» **WHAT YOU SHOULD DO**: Below this line is a listing that includes pictures. Copy exactly, and only, the lines from the one containing "At the press" through the one containing "Hand made in"; the pictures do not go in the copy.

===== RECORDS FOR THE TASK

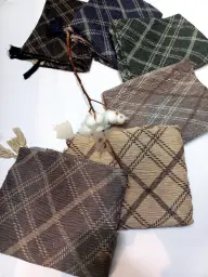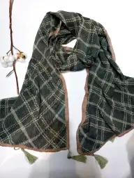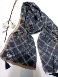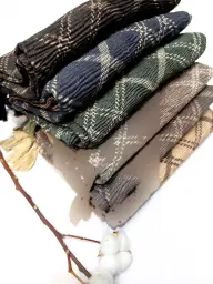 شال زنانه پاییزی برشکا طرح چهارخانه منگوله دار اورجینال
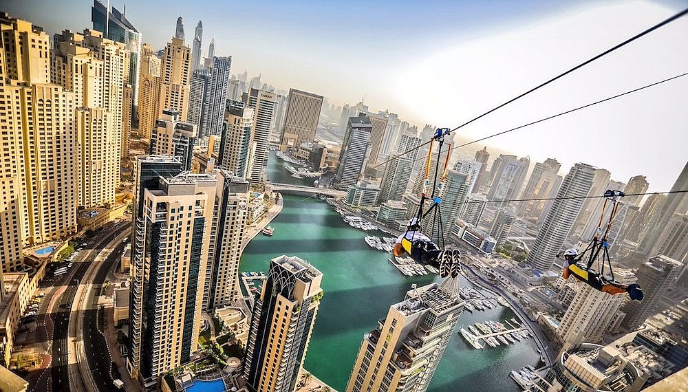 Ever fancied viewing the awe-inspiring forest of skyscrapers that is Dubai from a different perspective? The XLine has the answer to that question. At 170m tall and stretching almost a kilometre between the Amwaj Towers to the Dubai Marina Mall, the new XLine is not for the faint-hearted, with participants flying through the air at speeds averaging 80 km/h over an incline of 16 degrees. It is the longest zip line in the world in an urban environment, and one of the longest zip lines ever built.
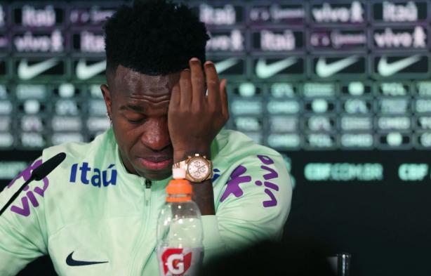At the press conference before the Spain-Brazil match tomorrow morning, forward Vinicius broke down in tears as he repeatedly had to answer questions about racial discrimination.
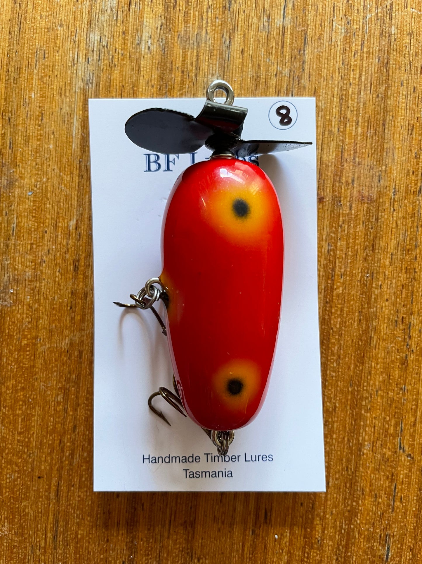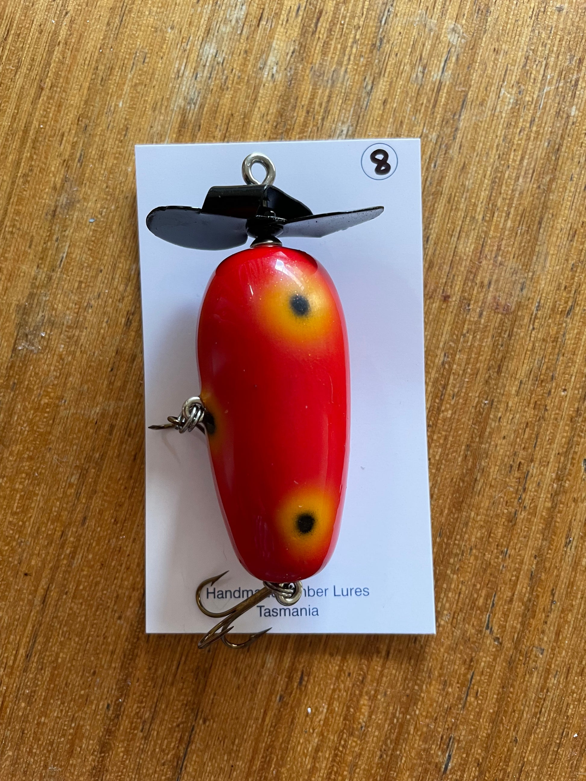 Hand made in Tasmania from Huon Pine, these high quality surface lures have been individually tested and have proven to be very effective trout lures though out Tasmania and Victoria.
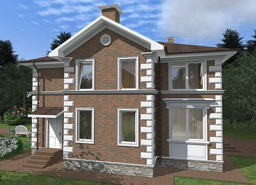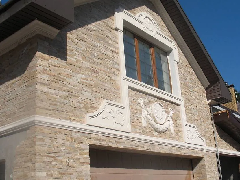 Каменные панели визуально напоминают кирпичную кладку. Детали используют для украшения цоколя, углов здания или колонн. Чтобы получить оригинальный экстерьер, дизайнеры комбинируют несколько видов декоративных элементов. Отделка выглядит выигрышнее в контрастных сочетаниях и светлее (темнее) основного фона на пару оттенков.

==========

» **TASK ANSWER**:
At the press conference before the Spain-Brazil match tomorrow morning, forward Vinicius broke down in tears as he repeatedly had to answer questions about racial discrimination.
 Hand made in Tasmania from Huon Pine, these high quality surface lures have been individually tested and have proven to be very effective trout lures though out Tasmania and Victoria.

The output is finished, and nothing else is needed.